図7に表したように、マーキングコテ28の2つの側板部282同士の間隔D2は、マーキングヘッド24の長手方向(
図7では左右方向)の長さD1よりも長い。そのため、マーキングコテ28の2つの側板部282は、マーキングヘッド24の両側に位置することができる。これにより、作業者は、2つの側板部282を跨いで設けられたコテヘッド部281を用いて、基部シャフト45をステンシル27に押し当てることができる。
【0064】
このとき、マーキングコテ28の2つの側板部282のそれぞれが、液溜め容器23の2つの第1溝234のそれぞれに嵌まるように、マーキングコテ28を設置する。また、マーキングコテ28の把持部285が、液溜め容器23の第3溝236に嵌まるように、マーキングコテ28を設置する。さらに、マーキングコテ28の規制部284が、液溜め容器23の外側に位置するように、マーキングコテ28を設置する。つまり、
図8に表したように、マーキングコテ28の規制部284と、液溜め容器23の側部232と、の間には、寸法D3の隙間が存在している。これにより、マーキングコテ28は、側方への移動が規制された状態で、液溜め容器23に対して前後方向に移動することができる。
【0065】
続いて、作業者は、把持部285を把持してマーキングコテ28を前後方向に移動させる。具体的には、作業者は、コテヘッド部281を用いて基部シャフト45をステンシル27に押し当てながら周方向に動かし回転させる。
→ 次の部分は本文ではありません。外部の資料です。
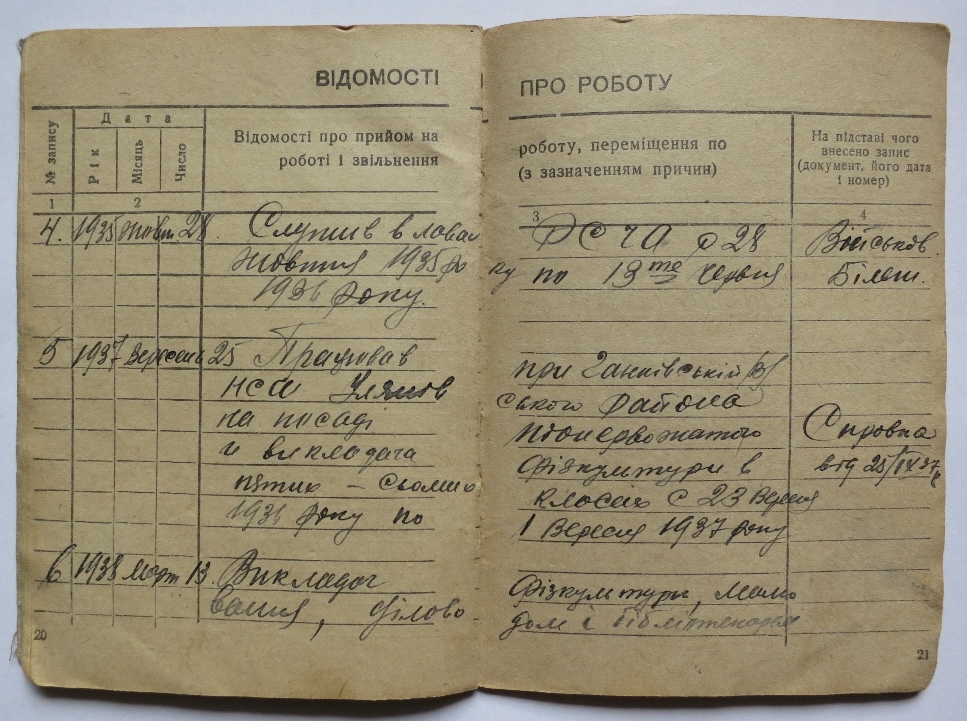 Піонервожатий і вчитель физкультури у V—VII класах Ганнівської (В)НСШ Улянівського району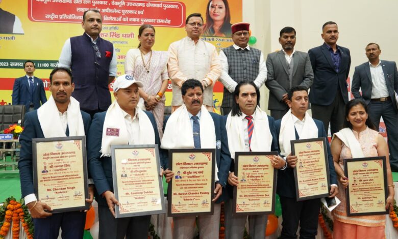 देहरादून। मुख्यमंत्री पुष्कर सिंह धामी ने शुक्रवार को देहरादून स्थित नवीन बहुद्देशीय क्रीड़ा भवन, परेड ग्राउण्ड में खेल विभाग द्वारा आयोजित कार्यक्रम में वर्ष 2019-20 के लिए बैडमिन्टन खिलाड़ी लक्ष्य सेन, वर्ष 2020-21 के लिए एथलेटिक्स खिलाड़ी चन्दन सिंह को देवभूमि उत्तराखण्ड खेल रत्न पुरस्कार से सम्मानित किया। देवभूमि उत्तराखण्ड द्रोणाचार्य पुरस्कार वर्ष 2019-20 के लिए बैडमिन्टन प्रशिक्षक धीरेन्द्र कुमार सेन, वर्ष 2020-21 के लिए ताईक्वांडो प्रशिक्षक कमलेश कुमार तिवारी, एवं वर्ष 2021-22 के लिए तीरंदाजी प्रशिक्षक संदीप कुमार डुकलान को पुरस्कार देकर सम्मानित किया गया। साथ ही खेल के क्षेत्र में उल्लेखनीय योगदान दिए जाने पर लाइफटाइम अचीवमेंट पुरस्कार वर्ष 2021-22 से एथलेटिक्स खिलाड़ी सुरेश चन्द्र पाण्डे को सम्मानित किया। इस दौरान मुख्यमंत्री पुष्कर सिंह धामी द्वारा वर्ष 2021 एवं 2022 के राष्ट्रीय स्तर के 168 पदक विजेता खिलाड़ियों एवं 42 प्रशिक्षकों को नकद पुरस्कार से सम्मानित किया। खिलाड़ियों एवं प्रशिक्षकों को कुल 2.08 करोड़ रूपये की धनराशि वितरित की गई। मुख्यमंत्री पुष्कर सिंह धामी ने कहा कि उत्तराखंड के युवा खिलाड़ी राष्ट्रीय एंव अंतरराष्ट्रीय प्रतियोगिताओं में प्रतिभाग कर एवं पदक जीतकर प्रदेश का नाम रोशन कर रहे हैं। जब कोई खिलाड़ी अन्तरराष्ट्रीय स्तर पर खेल रहा होता है, तो पूरे देश की भावनाएं उससे जुड़ी होती हैं। राज्य में खेलों को बढ़ावा देने के लिए हर सम्भव प्रयास किये जा रहे हैं। राज्य में “मुख्यमंत्री उदीयमान खिलाड़ी उन्नयन योजना“ प्रारंभ की गई है। प्रत्येक जिले के 150 बालक और 150 बालिकाओं अर्थात प्रदेश के कुल 3900 उभरते खिलाड़ियों को खेल छात्रवृत्ति दी जा रही है। सरकारी नौकरियों में खेल कोटे को भी पुनः प्रारंभ करने का निर्णय लिया गया है। नई खेल नीति में खिलाड़ियों को हर संभव सुविधा उपलब्ध कराने के प्रयास किये गये हैं। मुख्यमंत्री ने कहा कि प्रधानमंत्री नरेन्द्र मोदी जी के नेतृत्व में एक नये भारत, शक्तिशाली भारत और समृद्धशाली भारत का निर्माण हो रहा है। खेलों के क्षेत्र में भी भारत का मान सम्मान बढ़ रहा है, दुनिया में कहीं भी खेल का मैदान हो, आज भारत का तिरंगा शान से लहराता हुआ दिखता है। प्रधानमंत्री जी ने देश में खेलों को बढ़ावा देने के लिए कई नई पहलें प्रारंभ की हैं। खेलो इंडिया कार्यक्रम इसी सोच का एक सर्वश्रेष्ठ उदाहरण है। आज देश में खेल प्रतिभाओं को हर स्तर पर बढ़ावा दिया जा रहा है और उन्हें बेहतर से बेहतर ट्रेनिंग सुविधाएं उपलब्ध कराने का प्रयास किया जा रहा है। जब हम अपना लक्ष्य निर्धारित करते हैं और उस पर आगे बढ़ते हैं, तो सफलता अवश्य मिलती है। उन्होंने कहा कि 2025 तक उत्तराखण्ड क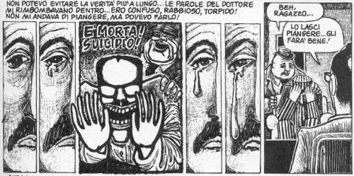Questa graphic dell’Einaudi è uscita nel duemila e oltre, e raccoglie due graphic. I capitoli sono usciti a puntate non ricordo dove. Ed è un fatto di quanto non sia stata presa in considerazione – nonostante il Pulitzer – dall’editoria. Tra l’altro, è un insieme di due libri, ed è stata scritta da Spiegelman in parecchi anni, con visite a suo padre mentre il padre invecchiava (e peggiorava). Questo lungo tempo di scrittura, secondo me, si sente. C’è sia una evoluzione (di segno e di testo) e sia uno staccamento, tra le prime strisce e le ultime. Abbastanza normale, direi. Poi, se dovete comprarlo, sono 21euro per 281 pagine. Per tutto quello che c’è dentro è un ottimo, ottimo prezzo. Poi… è pieno i idee e invenzioni fumettistiche, che vanno ben al di là del contenuto. Anche qui torno a Primo Levi. Nel senso che Levi è uno scrittore magnifico (i racconti, diocristo, i racconti!) tra i più abili italiani di sempre, e un dio del Novecento letterario. Ma non riesce ad avere questa fama e riconoscimento perché lo si continua a incasellare nello slot “Olocausto” e tutto quello che è fuori (persino La tregua, che è tanto quanto il precedente, finisce fuori). Ecco, idem per Art Spiegelman, che è un fumettista galattico. Per dire solo una cosa, dentro il fumetto c’è un fumetto, che lui aveva disegnato, ed è diverso, per segno e stile, ed è una gran trovata. (Prigioniero sul pianeta Inferno) si chiama. Vediamo se trovo una striscia che ve la metto qua…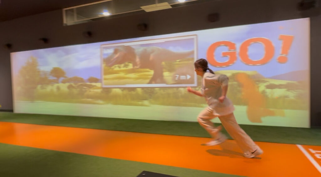 ティラノサウルスが後ろから襲ってきてるのにジョギングのyuki。でも逃げ切ってた。

これにより、深度マーカ451が基部シャフト45の外周面に施される。
【0066】
ここで、マーキングコテ28が後方向に移動すると、やがて規制部284が液溜め容器23の側部232に当たる。そうすると、マーキングコテ28は、後方向に移動することができない。このようにして、規制部284は、マーキングコテ28の後方向の移動を規制することができる。
【0067】
また、把持部285は、例えばねじなどの締結部材(規制部)286により上板部283に固定されている。ここで、マーキングコテ28が前方向に移動すると、やがて締結部材286がマーキングヘッド24の側面に当たる。そうすると、マーキングコテ28は、前方向に移動することができない。このようにして、締結部材286は、把持部285を上板部283に固定するとともに、マーキングコテ28の前方向の移動を規制することができる。すなわち、締結部材286は、側板部282の端部に設けられた規制部284と同様に、マーキングコテ28の移動を規制する規制部に相当する。
【0068】
本具体例によれば、マーキングコテ28の移動を規制し、コテヘッド部281が基部シャフト45から外れることを抑えつつ、深度マーカ451を基部シャフト45の外周面に安定的に施すことができる。
【0069】
図10は、基部シャフトに深度マーカを施す工程の具体例を表すフローチャートである。
基部シャフト45に深度マーカ451を施す際には、まず、拡張カテーテル4を組み立てる前のステップS11において、作業者は、基部シャフト45を
図6に表した治具5の溝51に設置する。これにより、基部シャフト45がステンシル27に載置される。このとき、作業者は、基部シャフト45の端部をストッパ52に当てる。
【0070】
続いて、ステップS12において、作業者は、フットスイッチなどの所定のスイッチを押す。すると、ステップS13において、電源制御部21がマーキングヘッド24およびマーキングコテ28に交流電圧を供給する。また、ステップS14において、ポンプ31がチューブ311を通してマーキングヘッド24の内部に電解液を供給する。これにより、電解液は、マーキングヘッド24の内部を流れ、マーキングヘッド24に載置された保液部26に浸み込むとともに保持される。
【0071】
続いて、ステップS15において、作業者は、電源制御部21がマーキングヘッド24およびマーキングコテ28に交流電圧を供給しているときに、マーキングコテ28を用いて基部シャフト45をステンシル27に押し当てながら周方向に動かし回転させる。これにより、
図9に表した基部シャフト45のように、深度マーカ451が基部シャフト45の外周面に施される。続いて、ステップS16において、作業者は、深度マーカ451が施された基部シャフト45を治具5の溝51から取り出す。
【0072】
以上、本発明の実施形態について説明した。しかし、本発明は、上記実施形態に限定されず、特許請求の範囲を逸脱しない範囲で種々の変更を行うことができる。例えば、電解マーキング装置2がマーキングを施す被マーキング部材は、拡張カテーテル4の基部シャフト45には限定されない。治具5を適宜変更することにより、電解マーキング装置2は、金属製の被マーキング部材にマーキングを施すことができる。上記実施形態の構成は、その一部を省略したり、上記とは異なるように任意に組み合わせることができる。